IBM PC graphic adapter and display standard

The Hercules Graphics Card (HGC) is a computer graphics controller formerly made by Hercules Computer Technology, Inc. that combines IBM's text-only MDA display standard with a bitmapped graphics mode, also offering a parallel printer port. This allows the HGC to offer both high-quality text and graphics from a single card.

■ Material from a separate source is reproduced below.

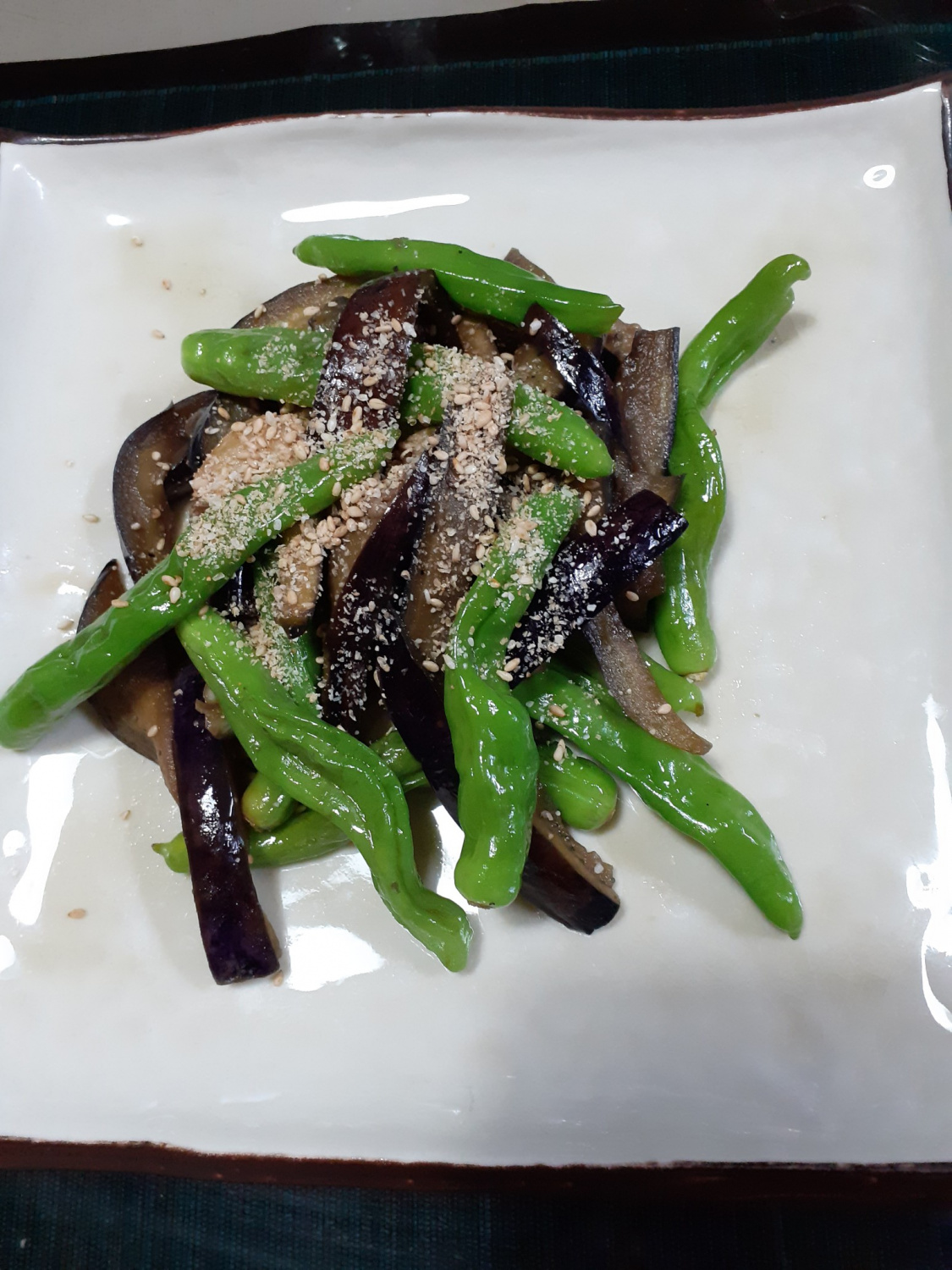 마지막으로, 갈아둔 참깨(깨소금)를 넉넉하게 뿌려주면 맛있는 꽈리고추 가지볶음이 완성됩니다! 따끈한 밥과 함께 맛있게 즐겨보세요.

The HGC was very popular and became a widely supported de facto display standard on IBM PC compatibles. The HGC standard was used long after more technically capable systems had entered the market, especially on dual-monitor setups.

==History==
The Hercules Graphics Card was released to fill a gap in the IBM video product lineup. When the IBM Personal Computer was launched in 1981, it had two graphics cards available: the Color Graphics Adapter (CGA) and the Monochrome Display And Printer Adapter (MDA). CGA offers low-resolution color graphics and medium-resolution monochrome graphics, while MDA offers a sharper text mode (equivalent to ) but has no per-pixel addressing modes and is limited to a fixed character set.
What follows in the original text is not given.